## ACTIVITY
Retype the records below exactly as given, but only from the first line through the line with "據(jù)悉,此次合龍段為4", and without the pictures.

## DATA
----

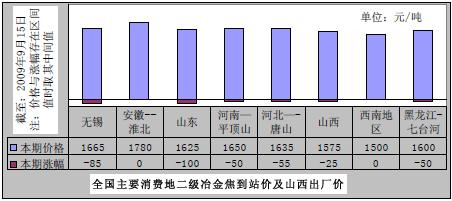 3.焦炭需求減弱,焦炭價格走低。9 月份,焦炭市場整體進入下跌通道,焦化企業再度面臨虧損,限產措施執行力度較大,由于鋼焦聯合企業正常生產,供過于求的狀況并未明顯緩解,焦炭價格仍保持穩中有跌的態勢。為了穩定市場,山西焦協要求焦化企業加大限產幅度,10 月份指導價格暫穩。數據顯示,截至10 月15 日,監測區域內焦炭價格普遍下跌,其中山東、無錫等地跌幅較大,另外,安徽和西南地區價格無變動。
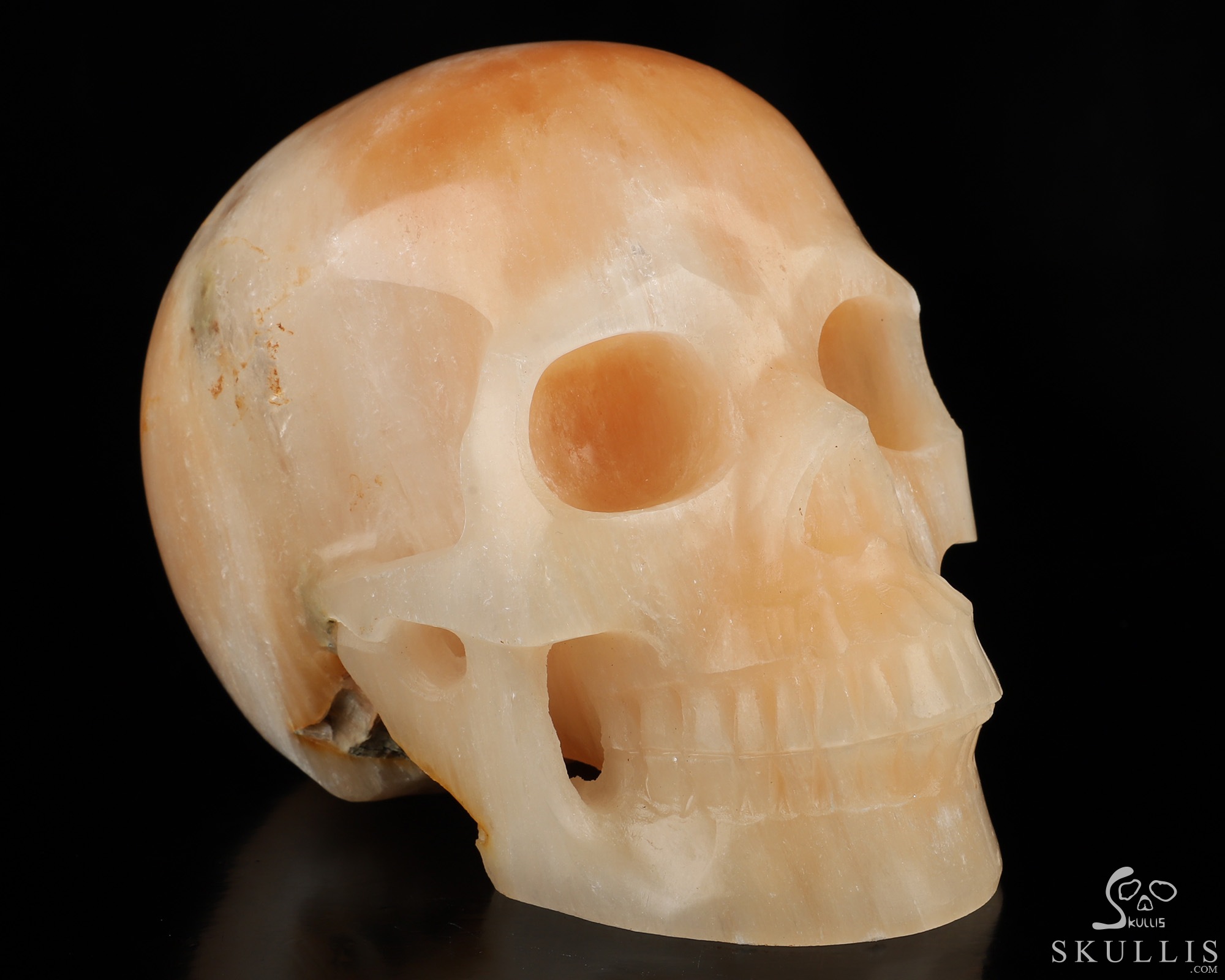 4.4" Selenite Hand Carved Crystal Skull, Realistic, Crystal Healing
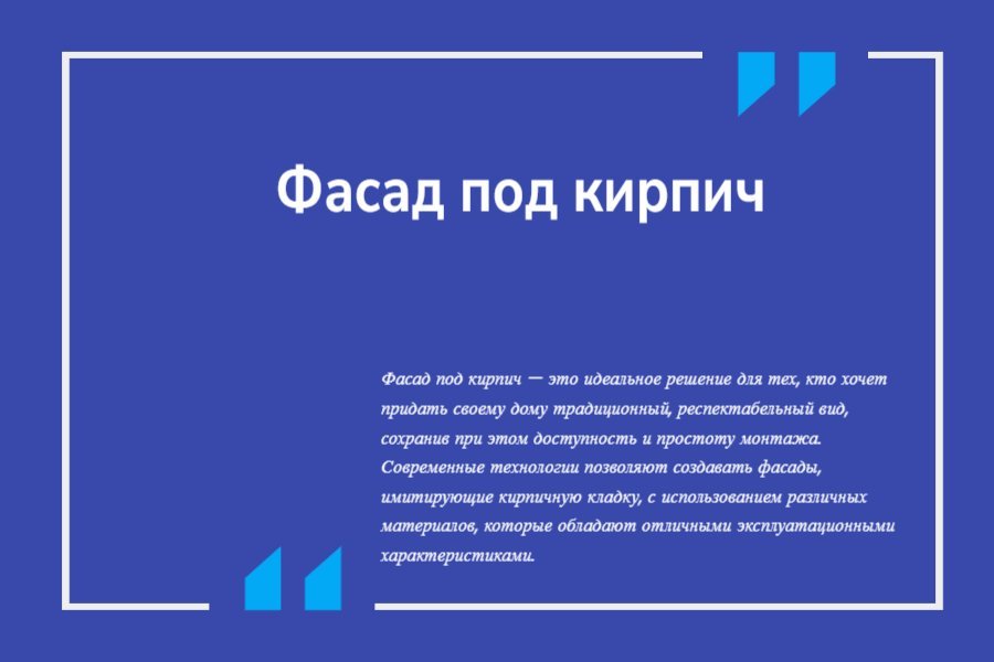 Фасад под кирпич — это идеальное решение для тех, кто хочет придать своему дому традиционный, респектабельный вид, сохранив при этом доступность и простоту монтажа. Современные технологии позволяют создавать фасады, имитирующие кирпичную кладку, с использованием различных материалов, которые обладают отличными эксплуатационными характеристиками.
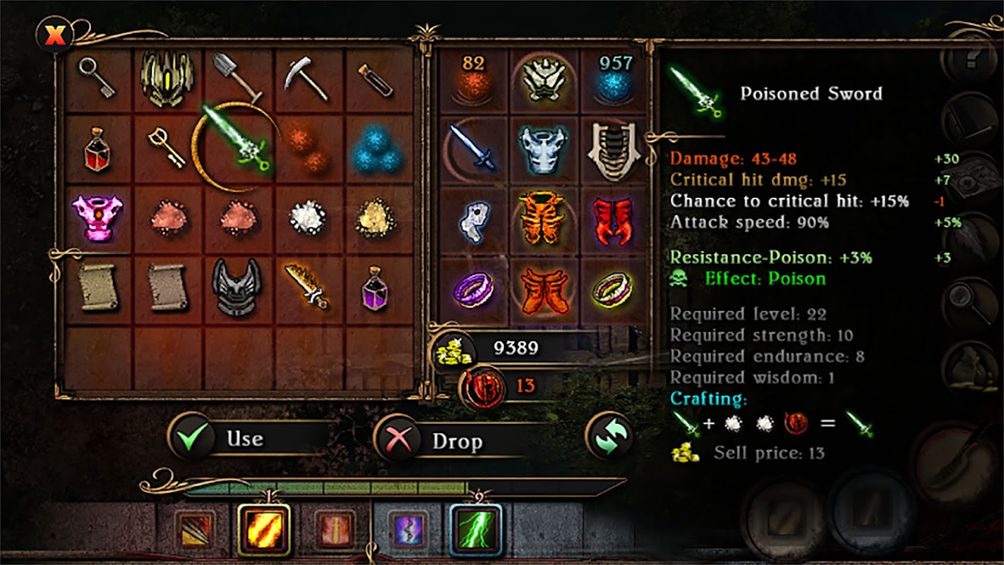 • 광범위한 아이템 시스템: 검, 도끼, 방패, 갑옷, 물약 등과 같은 수백 가지 아이템을 찾아 사용하세요.
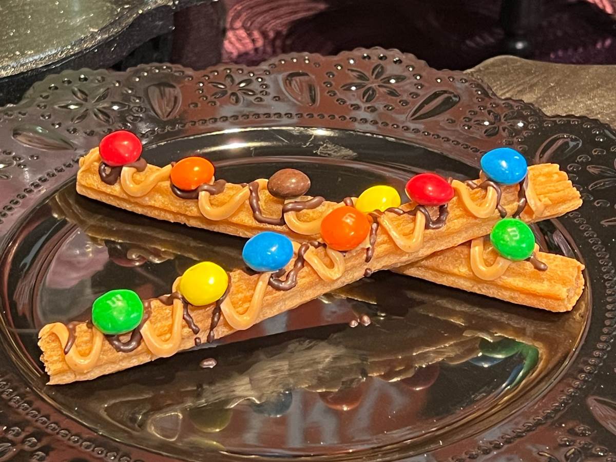 Also at carts near the castle is an “M&M’s Peanut Butter Churro." It’s a classic churro rolled in peanut dust with peanut sauce, chocolate sauce, and M&M’s.
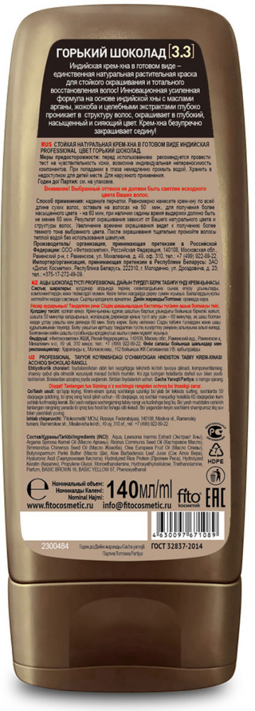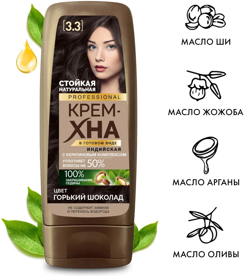 Фитокосметик Крем-хна для волос индийская, оттенок 3.3 Горький шоколад
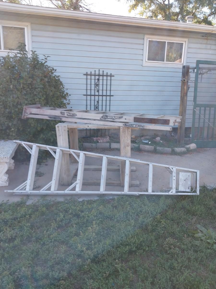 TWO WERNER LADDERS, FIBERGLASS AND ALUMINUM
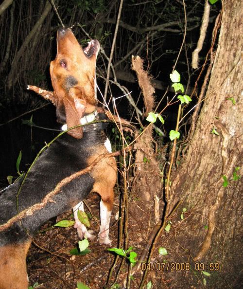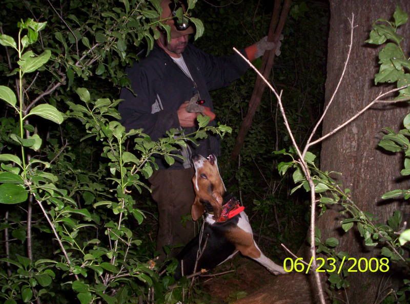 Here are a couple pictures of the pups.. 8 months old now and running and treeing bobs with their momma and daddy
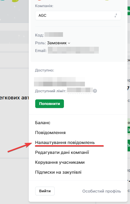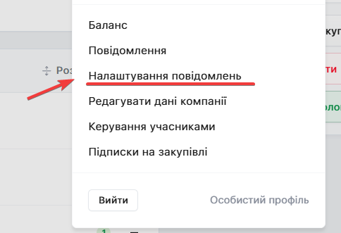 У модальному вікні оберіть пункт Налаштування повідомлень:
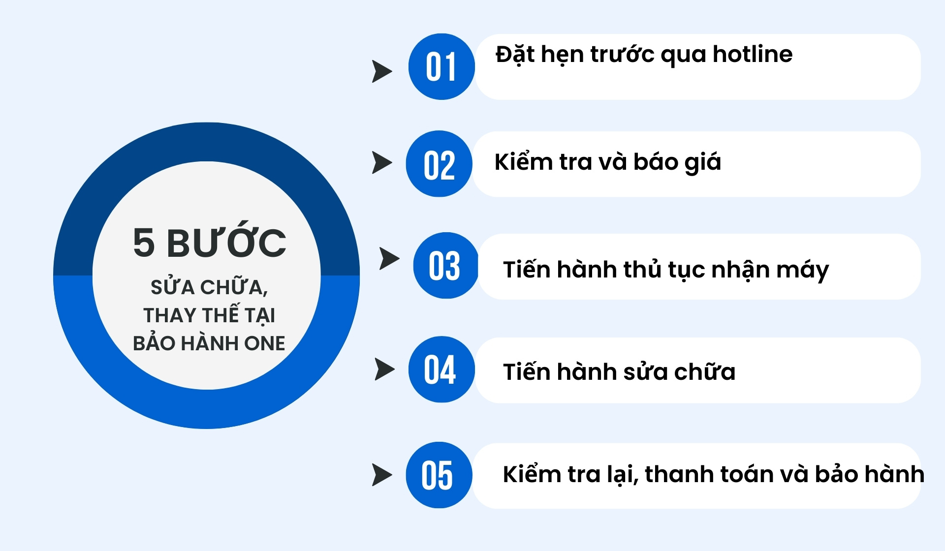 • Bước 5: Kỹ thuật viên kiểm tra toàn bộ máy và bàn giao cho khách hàng. Viết phiếu bảo hành và thanh toán dịch vụ thay, sửa chữa.
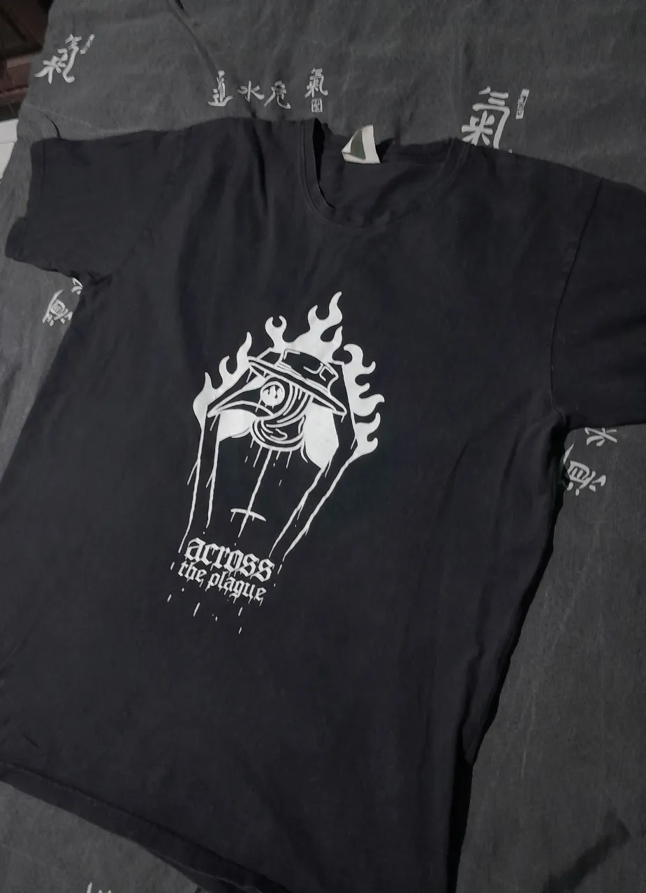 Remera negra AcrossTheRainbow ,con estampa "across the plague" de un personaje con máscara de doctor de la peste y llamas. Ideal para un look urbano y con onda.
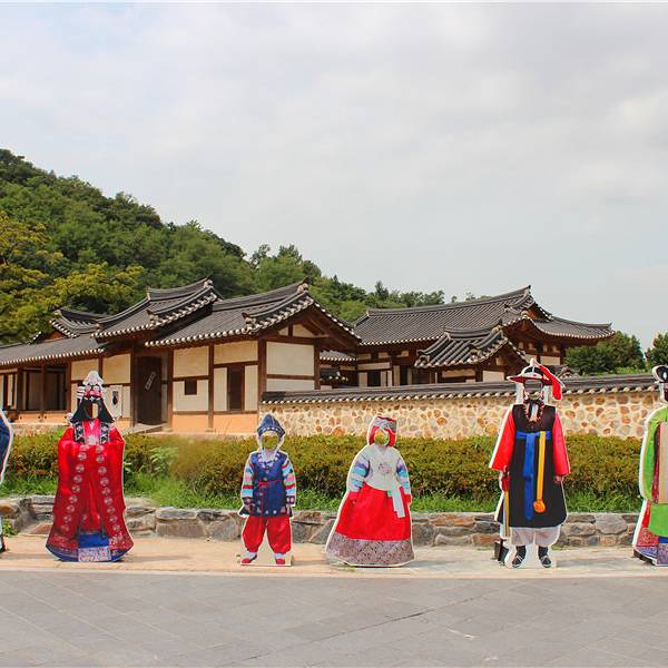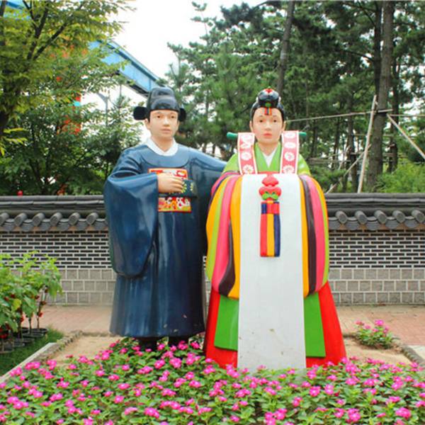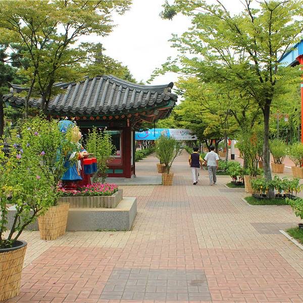 韩式庭院的展示场——月尾传统庭院(월미전통정원)内是按照朝鲜时期传统庭院的样式精心仿建的,庭院内部可随便进去体验真实的传统韩屋。
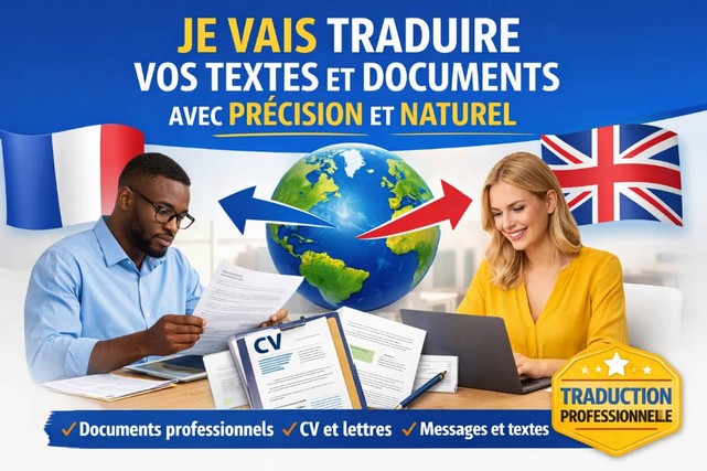 Bilingue français-anglais, je traduis avec précision, naturel et respect total de votre ton et de votre style. Le résultat sonnera comme si le texte avait été écrit directement dans la langue cible — pas comme une traduction.
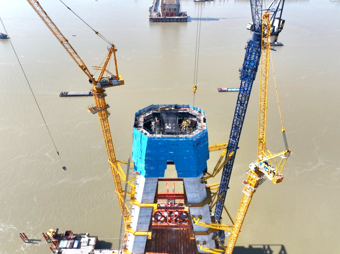 據(jù)悉,此次合龍段為4號主塔第31節(jié)段,分節(jié)高度4米,采用C60高標(biāo)號混凝土澆筑。該節(jié)塔柱澆筑完成后,主塔高度已達(dá)到177.05米,相當(dāng)于近60層樓高。作為支撐“跨江巨龍”屹立不倒的重中之重,主塔以其工藝精、要求高、標(biāo)準(zhǔn)嚴(yán)著稱,因而也是全橋施工的核心關(guān)鍵所在。
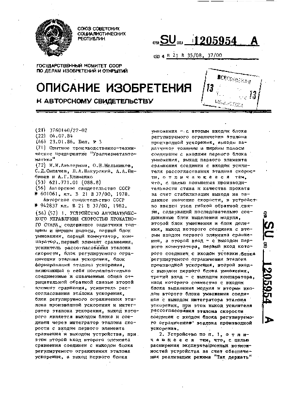 Устройство автоматического управления скоростью прокатного стана / Альтерман И. И., Мельников О. Н., Сыпачев С. Д. [и др.]; заявитель: Опытное производственно-техническое предприятие "Уралчерметавтоматика" // Описания изобретений (ретрофонд) / Комитет по патентам и товарным знакам России. – М., 2003. – 1986, № 1. — (Патенты России). — Загл. с титул. экрана. — Поисковая система: ИПС MIMOSA GTI. — Систем. требования: Acrobat Reader. — Режим доступа: ftp://smolensklib.ru/bd/patent_ru/pt1205954.pdf. — <URL:ftp://smolensklib.ru/bd/patent_ru/pt1205954.pdf>.
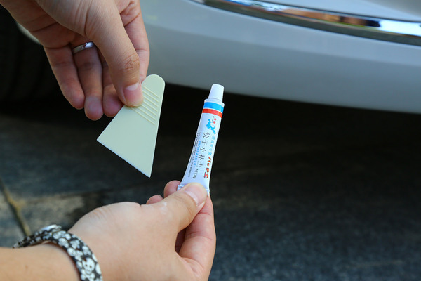 可以看到這輛車的劃痕傷至底漆了,為了更好的固漆,我們需要進(jìn)行簡(jiǎn)單的補(bǔ)土或者叫打膩?zhàn)?,?duì)凹凸不平之處也可以很好的找平。這種小管的補(bǔ)土很便宜,電商賣10元左右,而全套的補(bǔ)漆工具不足百元。
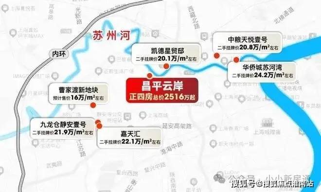 昌平云岸位于寸土寸金的老静安核芯,抱揽苏州河得天独厚的自然景观,享有良好的水岸视野,项目整体地块东高西低,符合堪舆学中青龙抬头,白虎屈服之势。上风上水正位堪舆,藏风聚气,玉带环腰聚财纳瑞,珍藏价值拉满!
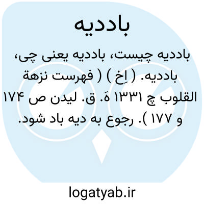 باددیه. ( اِخ ) ( فهرست نزهة القلوب چ 1331 هَ. ق. لیدن ص 174 و 177 ). رجوع به دیه باد شود.
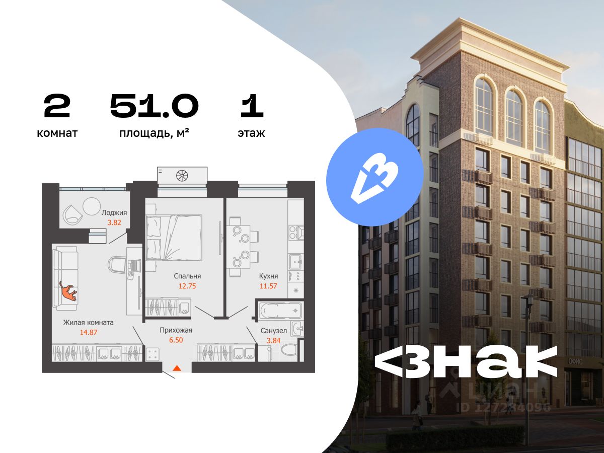 В новом жилом комплексе комфорт-класса "Знак" продается 2-комнатная квартира площадью 51.00 кв. м с отделкой white box. Квартира находится на 1 этаже 7-этажного корпуса 2. Девелопер проекта - федеральный застройщик "Железно". "Знак" - начало добрых перемен. Это жилой комплекс, где всё складывается правильно. Перемены появляются там, где для них создана среда. Когда парк под окнами, а не на другом конце города. Когда коворкинг рядом, и можно сосредоточиться, не уезжая в центр. Когда во дворе - площадки для тренировок, йоги, движения. "Знак" - как символ решений, которые привели к лучшему. Знаковое место Здесь вас ждут оживлённые площади, наполненные событиями и городским ритмом, и уютные бульвары для неспешных прогулок. Для ценителей тишины и созерцания найдутся уединённые уголки, а поклонников активного образа жизни ждут современные и технологичные спортивные площадки. Архитектура как знак качества Жилой комплекс "Знак" состоит из 6 секций высотой 7-8 этажей, лаконичный ансамбль которых окружает внутренний зеленый двор с местами для отдыха жителей. Природные материалы - древесина, камень, - натуральные оттенки земли и травы усиливают гармонию с природой. Комбинированный вентилируемый фасад, прочный кирпичный фундамент, большие окна с 2-камерными стеклопакетами и 5-камерным ПВХ-профилем гарантируют долгий срок эксплуатации, тишину и благоприятный микроклимат в каждой квартире. Лобби: искусство, в котором живут Продуманное пространство с мягкими креслами и камерными зонами отдыха создаёт атмосферу уюта, где искусство становится частью повседневности. Это вдохновляющая среда, которая пробуждает чувства и воображение с первого взгляда. Дизайн лобби воплощает концепцию эмоций в искусстве через пластику и форму. Доминантой становятся выразительные гипсовые барельефы в виде масок, объемность которых подчеркивает многоуровневое освещение. В отделке гармонично сочетаются натуральные материалы: металл контрастирует с тёплым гипсом, а керамогранит - с текстильными панно в зонах отдыха. О застройщике "Железно" - федеральный девелопер со смыслом, создающий умные мини-города с развитой инфраструктурой и высоким уровнем сервиса. За 14 лет беспрерывного развития и стремительного роста компания точно определила своё предназначение: мы с любовью и уважением к человеку создаём города будущего, меняя мир и жизнь людей к лучшему. • 6 городов России: Киров, Ижевск, Ульяновск, Екатеринбург, Пермь, Волгоград. • Строим парки, школы и детские сады. • Земельный банк более 2 000 000 м2. • ТОП-4 застройщиков России по качеству жилья (ЕРЗ.рф от июня 2025). • 28 проектов. • 6-кратные победители и 25-кратные финалисты премии Urban Awards.

----

## WRITTEN ANSWER
 3.焦炭需求減弱,焦炭價格走低。9 月份,焦炭市場整體進入下跌通道,焦化企業再度面臨虧損,限產措施執行力度較大,由于鋼焦聯合企業正常生產,供過于求的狀況并未明顯緩解,焦炭價格仍保持穩中有跌的態勢。為了穩定市場,山西焦協要求焦化企業加大限產幅度,10 月份指導價格暫穩。數據顯示,截至10 月15 日,監測區域內焦炭價格普遍下跌,其中山東、無錫等地跌幅較大,另外,安徽和西南地區價格無變動。
 4.4" Selenite Hand Carved Crystal Skull, Realistic, Crystal Healing
 Фасад под кирпич — это идеальное решение для тех, кто хочет придать своему дому традиционный, респектабельный вид, сохранив при этом доступность и простоту монтажа. Современные технологии позволяют создавать фасады, имитирующие кирпичную кладку, с использованием различных материалов, которые обладают отличными эксплуатационными характеристиками.
 • 광범위한 아이템 시스템: 검, 도끼, 방패, 갑옷, 물약 등과 같은 수백 가지 아이템을 찾아 사용하세요.
 Also at carts near the castle is an “M&M’s Peanut Butter Churro." It’s a classic churro rolled in peanut dust with peanut sauce, chocolate sauce, and M&M’s.
 Фитокосметик Крем-хна для волос индийская, оттенок 3.3 Горький шоколад
 TWO WERNER LADDERS, FIBERGLASS AND ALUMINUM
 Here are a couple pictures of the pups.. 8 months old now and running and treeing bobs with their momma and daddy
 У модальному вікні оберіть пункт Налаштування повідомлень:
 • Bước 5: Kỹ thuật viên kiểm tra toàn bộ máy và bàn giao cho khách hàng. Viết phiếu bảo hành và thanh toán dịch vụ thay, sửa chữa.
 Remera negra AcrossTheRainbow ,con estampa "across the plague" de un personaje con máscara de doctor de la peste y llamas. Ideal para un look urbano y con onda.
 韩式庭院的展示场——月尾传统庭院(월미전통정원)内是按照朝鲜时期传统庭院的样式精心仿建的,庭院内部可随便进去体验真实的传统韩屋。
 Bilingue français-anglais, je traduis avec précision, naturel et respect total de votre ton et de votre style. Le résultat sonnera comme si le texte avait été écrit directement dans la langue cible — pas comme une traduction.
 據(jù)悉,此次合龍段為4號主塔第31節(jié)段,分節(jié)高度4米,采用C60高標(biāo)號混凝土澆筑。該節(jié)塔柱澆筑完成后,主塔高度已達(dá)到177.05米,相當(dāng)于近60層樓高。作為支撐“跨江巨龍”屹立不倒的重中之重,主塔以其工藝精、要求高、標(biāo)準(zhǔn)嚴(yán)著稱,因而也是全橋施工的核心關(guān)鍵所在。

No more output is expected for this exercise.